## Problem details:
Lines with the string "style" must each be copied from the listing.

## Data for this task:
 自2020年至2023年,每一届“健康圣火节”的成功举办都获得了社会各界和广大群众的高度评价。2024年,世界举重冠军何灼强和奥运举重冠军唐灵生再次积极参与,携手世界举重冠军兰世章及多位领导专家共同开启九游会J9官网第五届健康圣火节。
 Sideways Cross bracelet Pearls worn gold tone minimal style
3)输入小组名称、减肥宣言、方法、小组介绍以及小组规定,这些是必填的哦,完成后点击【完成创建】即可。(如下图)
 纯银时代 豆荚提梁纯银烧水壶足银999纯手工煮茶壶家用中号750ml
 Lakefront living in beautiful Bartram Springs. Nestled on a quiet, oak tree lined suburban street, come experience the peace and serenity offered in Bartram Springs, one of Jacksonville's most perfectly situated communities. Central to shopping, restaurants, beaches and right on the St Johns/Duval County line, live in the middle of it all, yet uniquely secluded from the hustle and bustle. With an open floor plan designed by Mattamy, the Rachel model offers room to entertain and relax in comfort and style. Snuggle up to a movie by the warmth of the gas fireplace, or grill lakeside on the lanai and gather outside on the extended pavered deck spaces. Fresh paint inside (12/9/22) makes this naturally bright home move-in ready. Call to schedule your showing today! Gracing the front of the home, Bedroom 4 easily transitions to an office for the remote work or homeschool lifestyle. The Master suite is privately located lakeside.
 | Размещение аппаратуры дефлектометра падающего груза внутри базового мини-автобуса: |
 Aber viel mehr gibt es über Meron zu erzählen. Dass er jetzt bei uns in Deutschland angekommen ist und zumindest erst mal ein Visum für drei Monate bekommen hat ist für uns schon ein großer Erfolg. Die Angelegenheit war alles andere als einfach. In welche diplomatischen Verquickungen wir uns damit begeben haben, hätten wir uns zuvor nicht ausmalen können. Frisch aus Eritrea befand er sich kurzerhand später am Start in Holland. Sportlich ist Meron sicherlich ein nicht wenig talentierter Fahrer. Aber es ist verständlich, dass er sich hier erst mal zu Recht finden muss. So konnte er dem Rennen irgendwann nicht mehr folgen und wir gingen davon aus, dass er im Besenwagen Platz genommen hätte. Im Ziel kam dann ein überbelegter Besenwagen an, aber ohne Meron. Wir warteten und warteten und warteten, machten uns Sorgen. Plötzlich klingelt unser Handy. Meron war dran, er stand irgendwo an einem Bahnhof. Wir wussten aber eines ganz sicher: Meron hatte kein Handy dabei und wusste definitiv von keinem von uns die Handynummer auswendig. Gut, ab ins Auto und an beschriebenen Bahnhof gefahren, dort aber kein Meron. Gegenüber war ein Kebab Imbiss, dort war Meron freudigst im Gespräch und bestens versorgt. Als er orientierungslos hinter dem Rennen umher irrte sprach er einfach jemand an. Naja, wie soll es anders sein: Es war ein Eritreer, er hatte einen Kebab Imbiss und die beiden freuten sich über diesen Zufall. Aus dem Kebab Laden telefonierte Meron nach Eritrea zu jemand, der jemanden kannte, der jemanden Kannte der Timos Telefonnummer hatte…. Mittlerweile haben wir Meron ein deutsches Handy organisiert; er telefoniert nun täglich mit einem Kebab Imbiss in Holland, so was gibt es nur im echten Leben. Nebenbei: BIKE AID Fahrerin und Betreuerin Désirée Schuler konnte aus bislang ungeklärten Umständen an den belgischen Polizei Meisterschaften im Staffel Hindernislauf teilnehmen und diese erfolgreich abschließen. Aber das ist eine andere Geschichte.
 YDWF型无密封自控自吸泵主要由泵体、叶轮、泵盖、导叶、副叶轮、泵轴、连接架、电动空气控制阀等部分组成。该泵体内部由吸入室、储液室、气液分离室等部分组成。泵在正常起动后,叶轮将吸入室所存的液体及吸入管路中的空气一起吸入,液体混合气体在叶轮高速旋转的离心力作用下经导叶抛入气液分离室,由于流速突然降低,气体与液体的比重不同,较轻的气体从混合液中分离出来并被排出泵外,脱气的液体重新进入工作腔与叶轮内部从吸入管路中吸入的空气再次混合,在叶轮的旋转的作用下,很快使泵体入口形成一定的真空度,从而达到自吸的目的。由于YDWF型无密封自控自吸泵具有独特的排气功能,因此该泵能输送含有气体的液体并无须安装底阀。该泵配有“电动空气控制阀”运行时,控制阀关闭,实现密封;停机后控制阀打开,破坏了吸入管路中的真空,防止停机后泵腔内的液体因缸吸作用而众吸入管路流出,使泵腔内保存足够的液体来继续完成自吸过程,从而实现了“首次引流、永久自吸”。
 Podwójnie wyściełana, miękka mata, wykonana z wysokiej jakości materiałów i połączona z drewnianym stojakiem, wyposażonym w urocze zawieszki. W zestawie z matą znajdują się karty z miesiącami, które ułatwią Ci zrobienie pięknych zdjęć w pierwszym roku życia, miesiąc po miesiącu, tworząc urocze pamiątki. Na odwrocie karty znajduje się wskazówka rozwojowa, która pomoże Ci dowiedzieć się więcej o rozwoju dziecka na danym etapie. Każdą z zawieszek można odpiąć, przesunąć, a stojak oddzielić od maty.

--

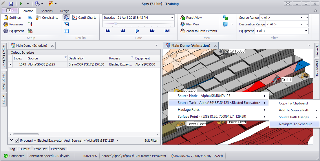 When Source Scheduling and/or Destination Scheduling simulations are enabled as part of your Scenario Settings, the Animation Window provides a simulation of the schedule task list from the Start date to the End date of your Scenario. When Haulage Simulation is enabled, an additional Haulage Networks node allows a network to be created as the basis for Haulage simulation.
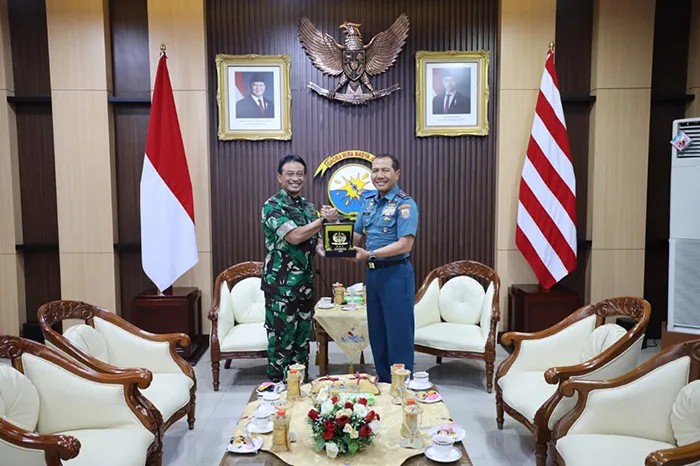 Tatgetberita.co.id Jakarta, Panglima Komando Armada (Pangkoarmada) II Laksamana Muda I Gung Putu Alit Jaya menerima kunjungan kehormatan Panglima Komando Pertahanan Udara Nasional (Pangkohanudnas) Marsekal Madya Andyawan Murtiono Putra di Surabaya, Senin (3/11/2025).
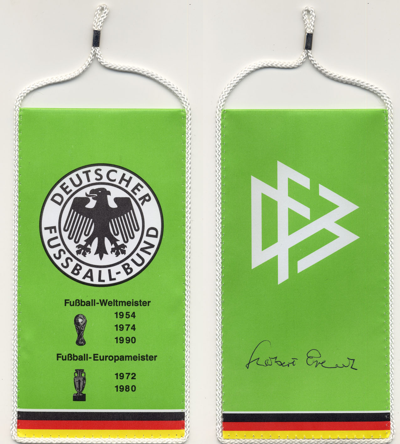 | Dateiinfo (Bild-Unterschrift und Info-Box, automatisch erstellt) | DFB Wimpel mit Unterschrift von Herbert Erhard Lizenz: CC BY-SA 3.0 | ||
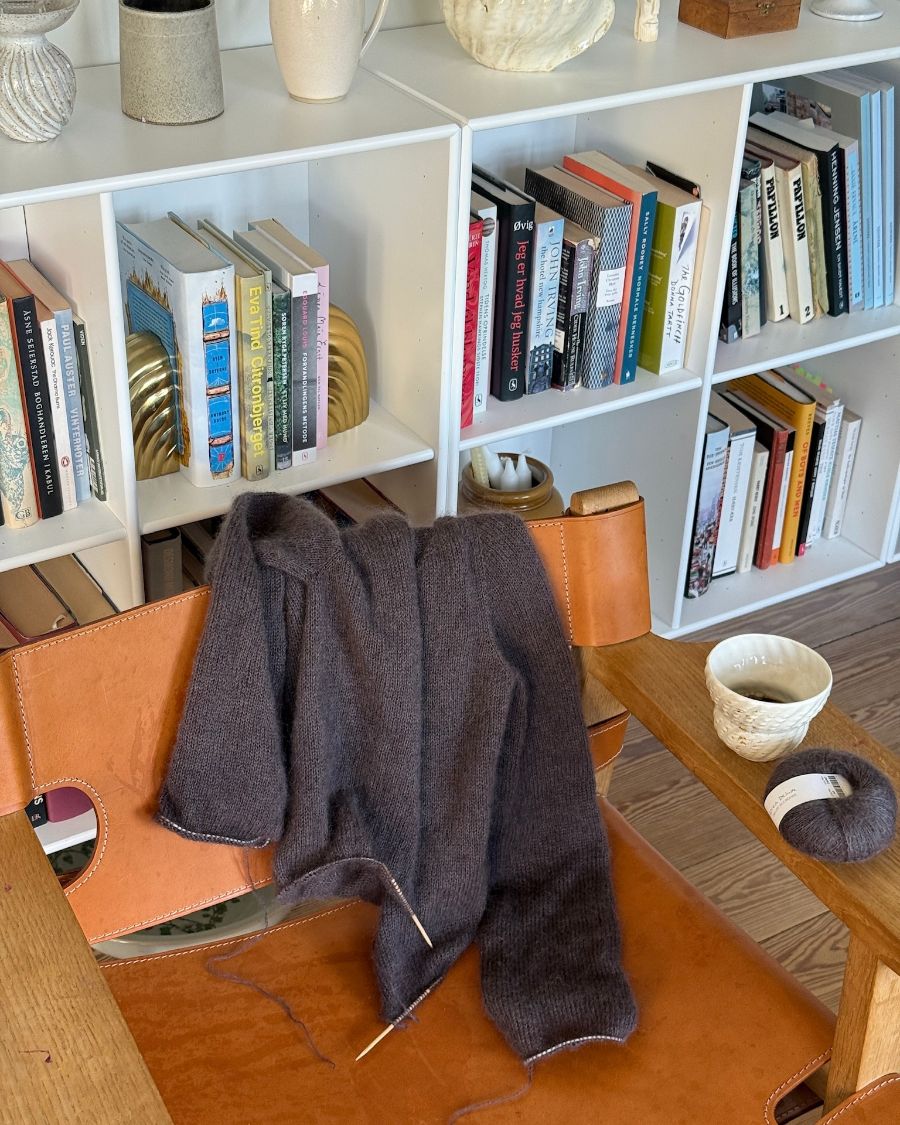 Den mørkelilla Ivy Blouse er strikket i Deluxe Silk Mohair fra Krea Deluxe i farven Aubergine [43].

* * *

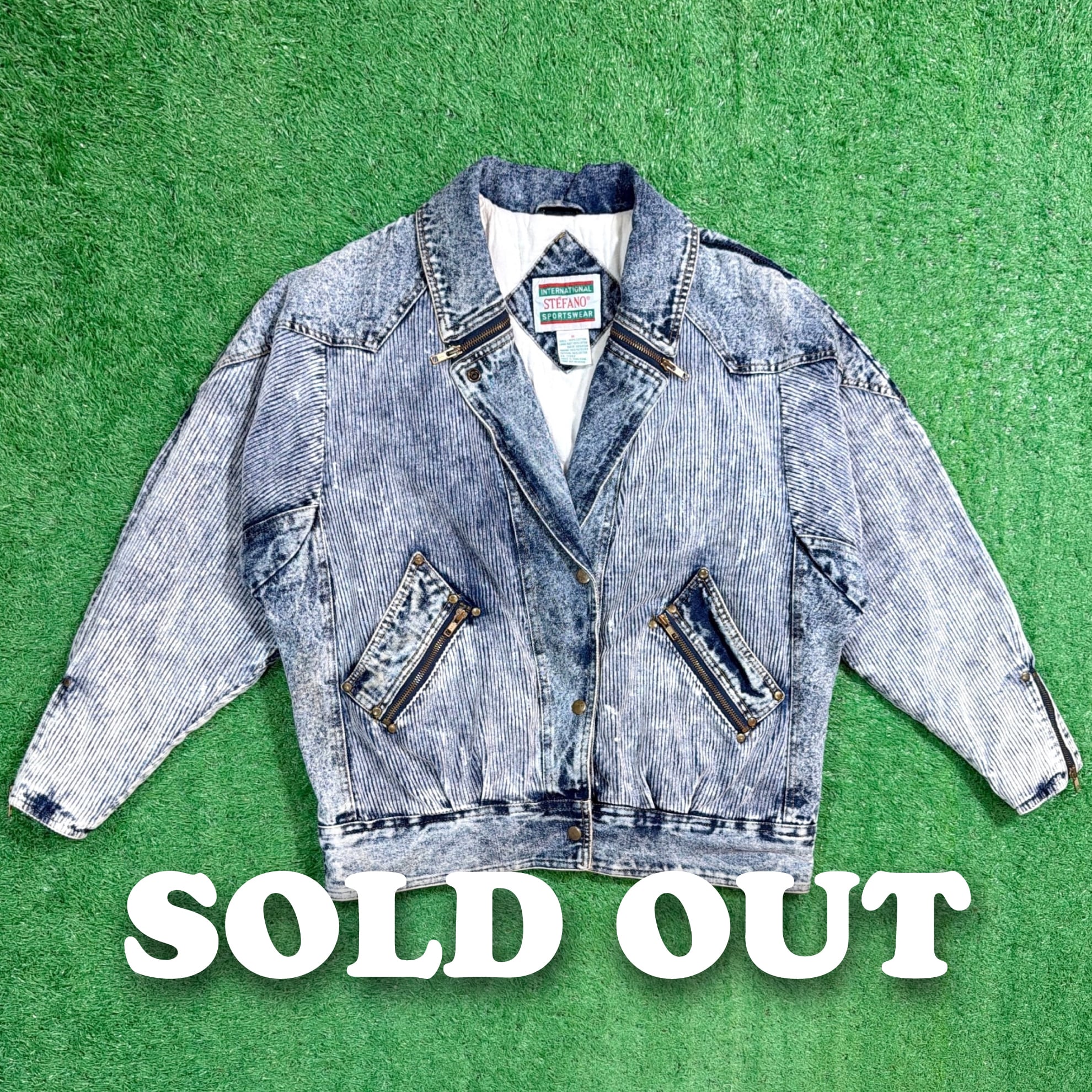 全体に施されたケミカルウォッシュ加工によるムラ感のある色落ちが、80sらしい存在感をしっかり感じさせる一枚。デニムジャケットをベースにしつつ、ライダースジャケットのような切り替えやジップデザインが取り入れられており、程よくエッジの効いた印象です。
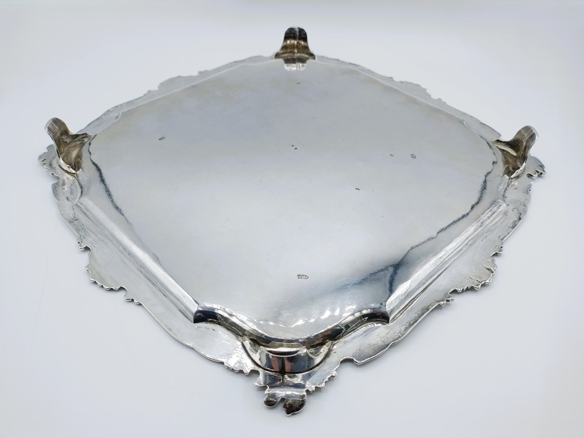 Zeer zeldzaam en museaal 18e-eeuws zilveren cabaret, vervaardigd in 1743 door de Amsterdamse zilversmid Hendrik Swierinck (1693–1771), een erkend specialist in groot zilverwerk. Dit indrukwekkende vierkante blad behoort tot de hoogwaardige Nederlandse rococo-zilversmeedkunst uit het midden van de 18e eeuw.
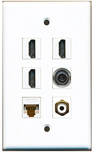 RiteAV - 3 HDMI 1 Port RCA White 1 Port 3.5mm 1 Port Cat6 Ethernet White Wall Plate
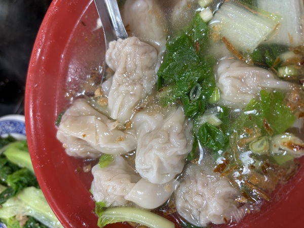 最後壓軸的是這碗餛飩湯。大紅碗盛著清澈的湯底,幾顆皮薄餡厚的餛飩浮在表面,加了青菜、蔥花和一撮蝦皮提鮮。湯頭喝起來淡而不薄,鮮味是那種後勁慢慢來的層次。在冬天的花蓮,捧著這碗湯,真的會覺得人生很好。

## Solution:
 Sideways Cross bracelet Pearls worn gold tone minimal style
 Lakefront living in beautiful Bartram Springs. Nestled on a quiet, oak tree lined suburban street, come experience the peace and serenity offered in Bartram Springs, one of Jacksonville's most perfectly situated communities. Central to shopping, restaurants, beaches and right on the St Johns/Duval County line, live in the middle of it all, yet uniquely secluded from the hustle and bustle. With an open floor plan designed by Mattamy, the Rachel model offers room to entertain and relax in comfort and style. Snuggle up to a movie by the warmth of the gas fireplace, or grill lakeside on the lanai and gather outside on the extended pavered deck spaces. Fresh paint inside (12/9/22) makes this naturally bright home move-in ready. Call to schedule your showing today! Gracing the front of the home, Bedroom 4 easily transitions to an office for the remote work or homeschool lifestyle. The Master suite is privately located lakeside.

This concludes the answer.